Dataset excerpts
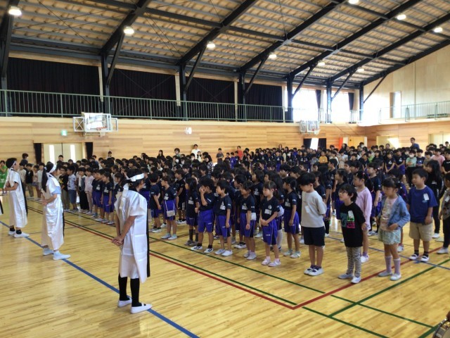 今日は、6年生の陸上交歓会に向けた壮行会がおこなわれました。5年生が中心となり進行を務めたため、全校生を引っ張る高学年としての意識が高まる機会になりました。応援のかけ声や手拍子、司会などたくさんの練習を重ねて臨んだ壮行会は、大成功でした。ありがとう5年生!!
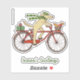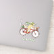 Un mignon chien de dessin animé portant un casquette d'hiver rayé vert et un long foulard et pédalant une bicyclette rouge. L'écureuil rouge gai est à cheval dans le panier de vélo. Ces deux-là sont en route pour livrer des cadeaux de Noël à des amis. Un autocollant d'art animal fantaisiste pour les vacances. Ce sticker vinyle est étanche et étanche. Idéal pour les bouteilles d'eau, les carnets, les voitures et les cartes de voeux.
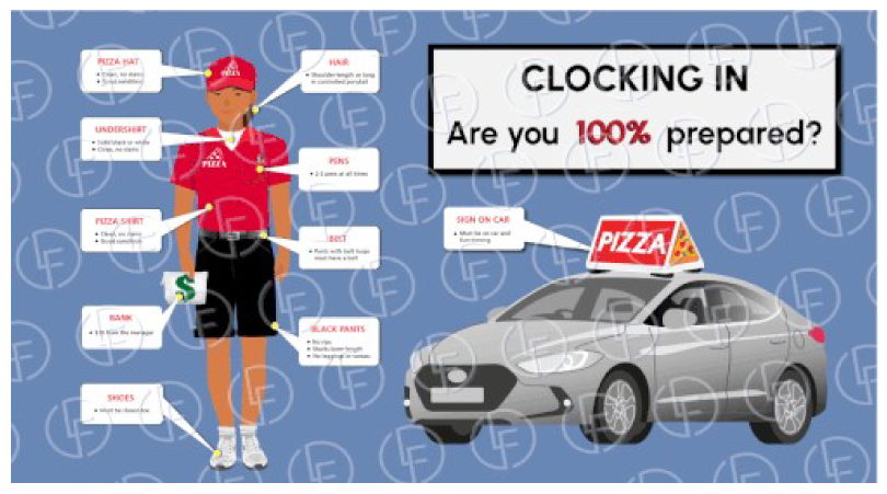 The simplest solution I envisioned was a job aid (poster) to hang by the time clock clearly identifying what was required to be in place before delivery drivers were allowed to clock in. He loved the idea and took it back to the owner for approval. Being that this was a franchise of a national corporation, he had permission to display the poster as long as it wasn’t visible to the public. This was one of 5 stores owned by this particular franchisee, and he was excited about the idea for all of his stores. I designed a prototype of the poster and sent it to my son and the owner for feedback. After implementing the feedback, I created a final draft of the poster and sent it over for approval. It was a big hit.
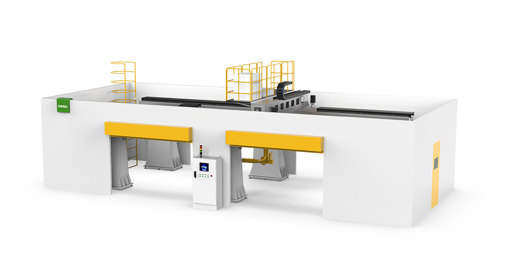 松谷激光科技WMT系列高架龍門三維光纖激光焊接工作站,高精度機器人倒掛式安裝,可加工范圍大,采用大行程、高剛性龍門結構設計,響應速度快,穩定高效。高性能數控系統,可實現多軸聯動控制,可進行多工作空間設定,適用于大型汽車鈑金零部件,大型箱體,鈑金五金霧部件的焊接,該機型可配置三維切割機型;
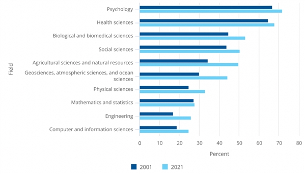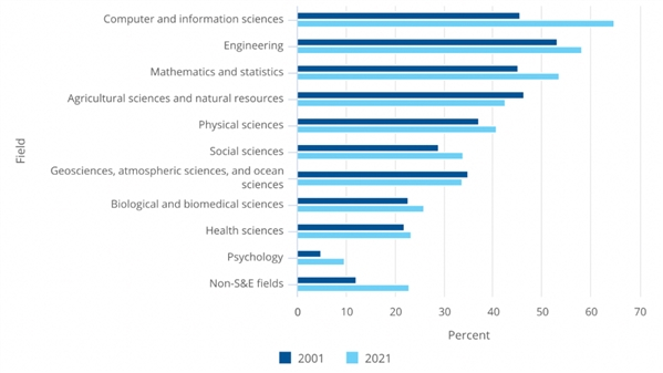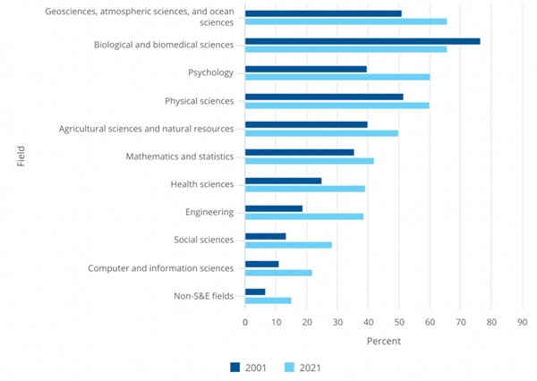 图表:过去20年间,在多数S&E领域,女性博士学位获得者的比例在增加。不过,在工程学、数学与统计学、计算机与信息科学、物理学、地球科学、大气科学和海洋学等领域中,女性占比较低,在25%到44%之间。

*WORK REQUIRED*
Print the entries as they stand, first line through the line holding "Un mignon chien", with every picture removed.

*RESPONSE AREA*
 今日は、6年生の陸上交歓会に向けた壮行会がおこなわれました。5年生が中心となり進行を務めたため、全校生を引っ張る高学年としての意識が高まる機会になりました。応援のかけ声や手拍子、司会などたくさんの練習を重ねて臨んだ壮行会は、大成功でした。ありがとう5年生!!
 Un mignon chien de dessin animé portant un casquette d'hiver rayé vert et un long foulard et pédalant une bicyclette rouge. L'écureuil rouge gai est à cheval dans le panier de vélo. Ces deux-là sont en route pour livrer des cadeaux de Noël à des amis. Un autocollant d'art animal fantaisiste pour les vacances. Ce sticker vinyle est étanche et étanche. Idéal pour les bouteilles d'eau, les carnets, les voitures et les cartes de voeux.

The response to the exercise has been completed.